Let’s have a look again at the structure of the workflow. The nextflow.config defines the technical and pipeline specific parameters and are imported in the main.nf script. Actually, we can write any number of *.config file and import it in the general nextflow.config which is imported by default in the main.nf.

../_images/overview-folder-structure.png

Technical parameters¶

Executors¶

While a process defines what command or script has to be executed, the executor determines how that script is actually run on the target system. In the Nextflow framework architecture, the executor is the component that determines the system where a pipeline process is run and it supervises its execution.

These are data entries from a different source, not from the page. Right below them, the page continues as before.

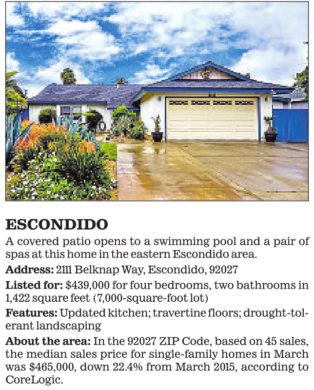 ESCONDIDO A covered patio opens to a swimming pool and a pair of spas at this home in the eastern Escondido area. Address: 2111 Belknap Way, Escondido, 92027 Listed for: $439,000 for four bedrooms, two bathrooms in 1,422 square feet (7,000-square-foot lot) Features: Updated kitchen; travertine floors; drought-tolerant landscaping About the area: In the 92027 ZIP Code, based on 45 sales, the median sales price for single-family homes in March was $465,000, down 22.4% from March 2015, according to CoreLogic.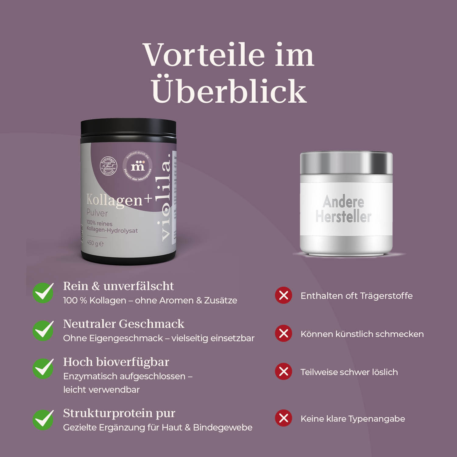violila Kollagen⁺ liefert reines, enzymatisch aufgeschlossenes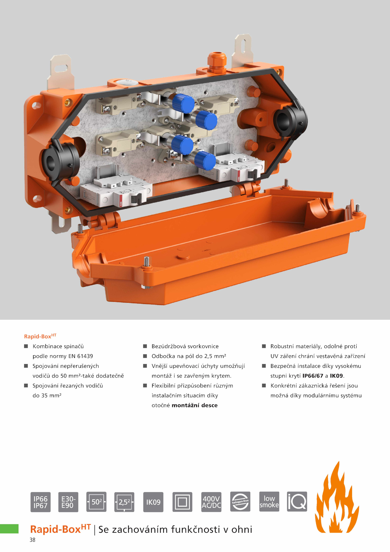 ■ Flexibilní přizpůsobení různým instalačním situacím díky otočné montážní desce ■ Robustní materiály, odolné proti UV záření chrání vestavěná zařízení ■ Bezpečná instalace díky vysokému stupni krytí IP66/67 IK09.Rapid-BoxHT ■ Kombinace spínačů podle normy 61439 ■ Spojování nepřerušených vodičů mm2-také dodatečně ■ Spojování řezaných vodičů do mm2 ■ Bezúdržbová svorkovnice ■ Odbočka pól 2,5 mm2 ■ Vnější upevňovací úchyty umožňují montáž zavřeným krytem. ■ Konkrétní zákaznická řešení jsou možná díky modulárnímu systému IP66 E30- IP67 E90 502 {2,5211 IK09 Rapid-BoxHT zachováním funkčnosti ohni 38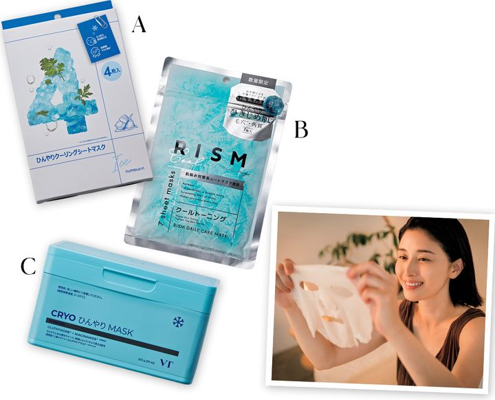 A ひやっとした冷感で肌温度を下げて炎症を鎮める。numbuzin 4番ひんやりクーリングシートマスク 4枚入り ¥1,090(Benow)B シート自体が冷たい新素材アイスシートを採用。リズム デイリーケアマスク クールトーニング 7枚入り ¥880※数量限定(サン・スマイル)C ひんやり感エッセンスが角質層に浸透し、内側からうるおいをプラス。クライオひんやりマスク 30枚入り ¥2,420(VT COSMETICS)

If not otherwise specified, processes are executed on the local computer using the local executor. In the example below we start with defining the processes’ allowed memory- and cpu-usage. This list can be further extended with parameters like time, queue, etc.

process {
    memory='1G'
    cpus='1'
}

It’s also possible to create labels that can be chosen and used for each process separately. In the example below we can use the label high as a directive in a process and hence allow more resources for that particular process (see star.nf). These labels are added in the directives of the processes as we did in our modules.

process {
    withLabel: 'low' {
        memory='1G'
        cpus='1'
        time='6h'
    }
    withLabel: 'med' {
        memory='2G'
        cpus='2'
    }
    withLabel: 'high' {
        memory = '8G'
        cpus='8'
    }
}

The local executor is very useful for pipeline development and testing purposes, but for real world computational pipelines an HPC or cloud platform is often required. The executor can be defined as process.executor = 'local' in the snippet above. If we want to use a different executor we could use e.g. azurebatch or awsbatch, however this goes also hand in hand with the parameters that are applicable for that specific executor. This config file contains the minimal set of required parameters for the Azure case (we will discuss the profiles soon).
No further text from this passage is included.